• _RECORDS SUPPLIED_
*** Begin section ***

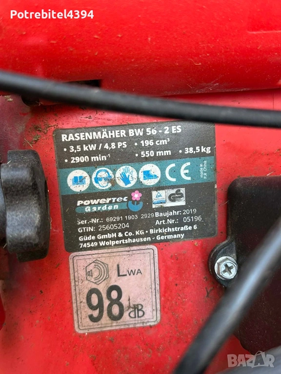 Продавам мощна бензинова самоходна косачка PowerTec Garden BW 56-2 ES (196cc, 4.8 к.с.).
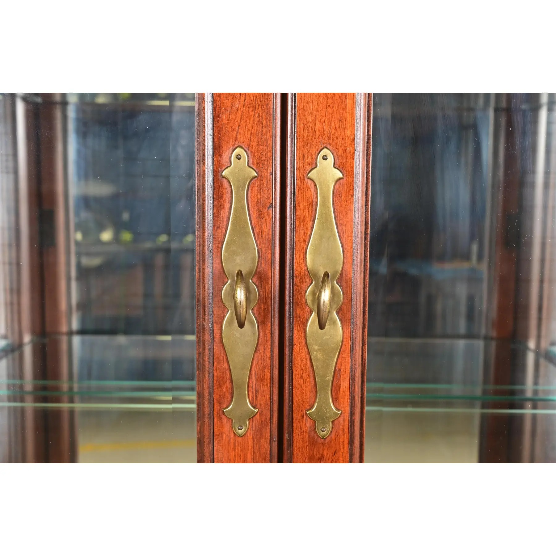 Carved cherry wood, with glass front doors and sides, mirrored back interior, and original brass hardware.
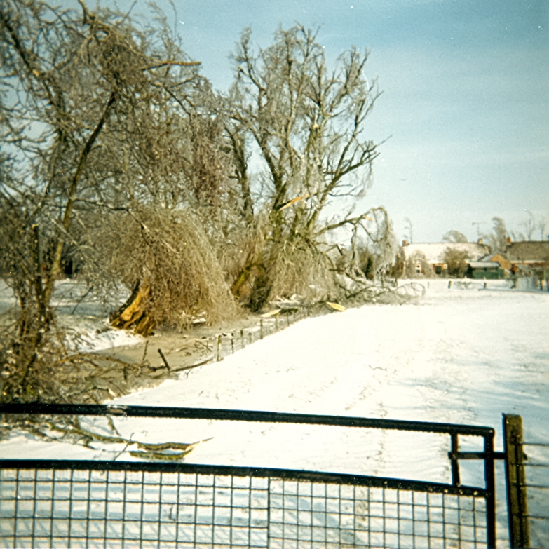 Aan de Moeshorn, maart 1987, bij het huis van Leendert en Saakje Meijer. Afgeknapte takken van de berken door de ijzelzwaarte…
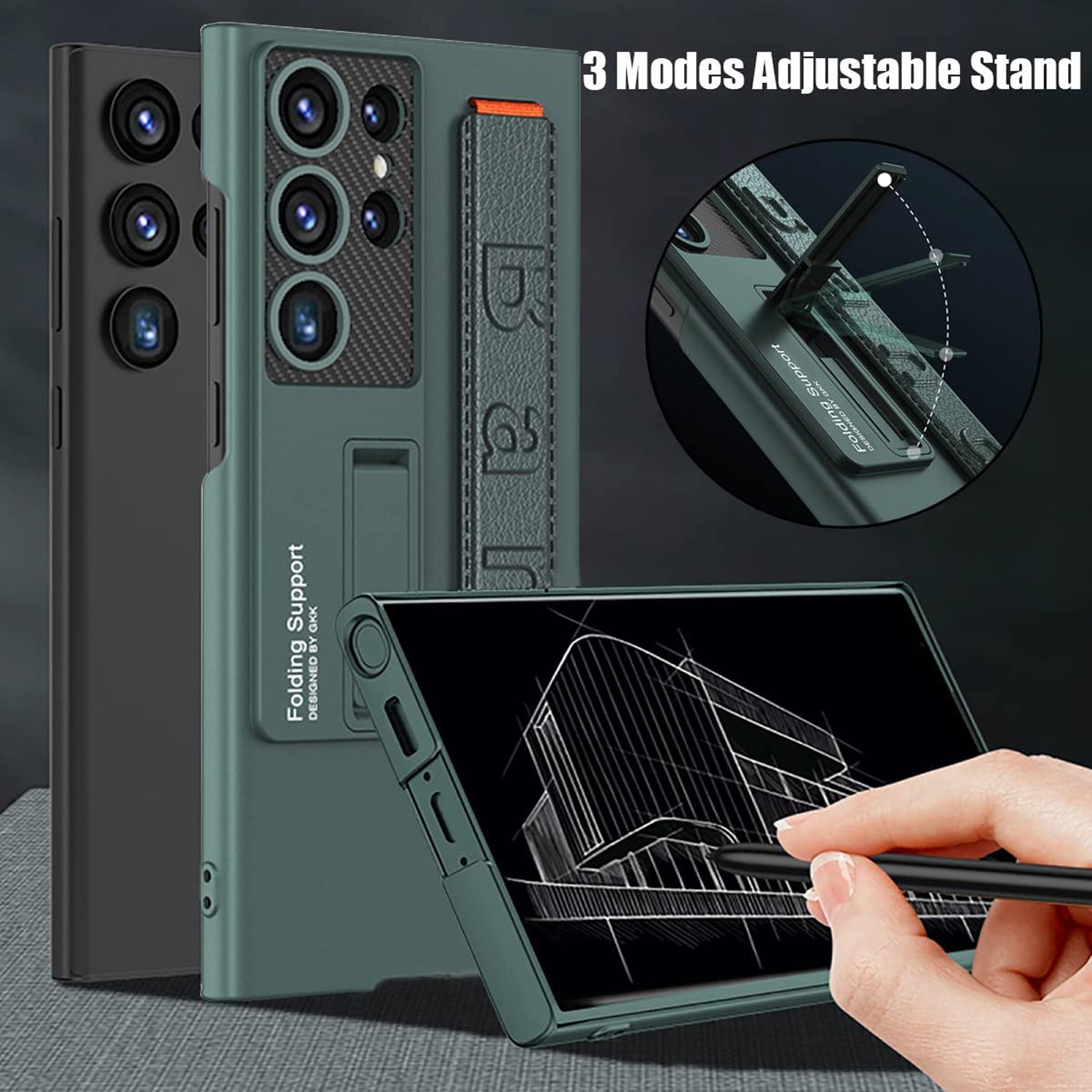 Mobizang Ultra Thin Band + Stand Back Case for Samsung S25 Ultra | Slim Camera Lens Protection Cover with Kickstand (Green)
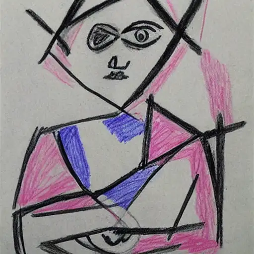 over 2 years ago A drawing by a 3-4 year old girl in the form of a Picasso painting can be a fascinating exploration of shape, color, and form. Picasso's art is known for its cubist style, which emphasizes geometric shapes and the deconstruction of traditional forms.While a young child may not have the same level of understanding or technical ability as Picasso, they may still be inspired by his unique approach to art. Their drawing may feature abstract shapes and distorted forms, with bold, bright colors and a sense of playfulness.Encouraging a child's artistic expression, regardless of whether it adheres to traditional norms or not, can help them develop a love of creativity and a sense of self-expression. Praising their efforts and allowing them the freedom to explore different styles and techniques can also help boost their confidence and encourage them to continue creating in the future. mjlee 0 60

*** End section ***

• _TRY IT_
Write out the data above exactly as it appears, but without any image.

• _WRITTEN RESPONSE_
 Продавам мощна бензинова самоходна косачка PowerTec Garden BW 56-2 ES (196cc, 4.8 к.с.).
 Carved cherry wood, with glass front doors and sides, mirrored back interior, and original brass hardware.
 Aan de Moeshorn, maart 1987, bij het huis van Leendert en Saakje Meijer. Afgeknapte takken van de berken door de ijzelzwaarte…
 Mobizang Ultra Thin Band + Stand Back Case for Samsung S25 Ultra | Slim Camera Lens Protection Cover with Kickstand (Green)
 over 2 years ago A drawing by a 3-4 year old girl in the form of a Picasso painting can be a fascinating exploration of shape, color, and form. Picasso's art is known for its cubist style, which emphasizes geometric shapes and the deconstruction of traditional forms.While a young child may not have the same level of understanding or technical ability as Picasso, they may still be inspired by his unique approach to art. Their drawing may feature abstract shapes and distorted forms, with bold, bright colors and a sense of playfulness.Encouraging a child's artistic expression, regardless of whether it adheres to traditional norms or not, can help them develop a love of creativity and a sense of self-expression. Praising their efforts and allowing them the freedom to explore different styles and techniques can also help boost their confidence and encourage them to continue creating in the future. mjlee 0 60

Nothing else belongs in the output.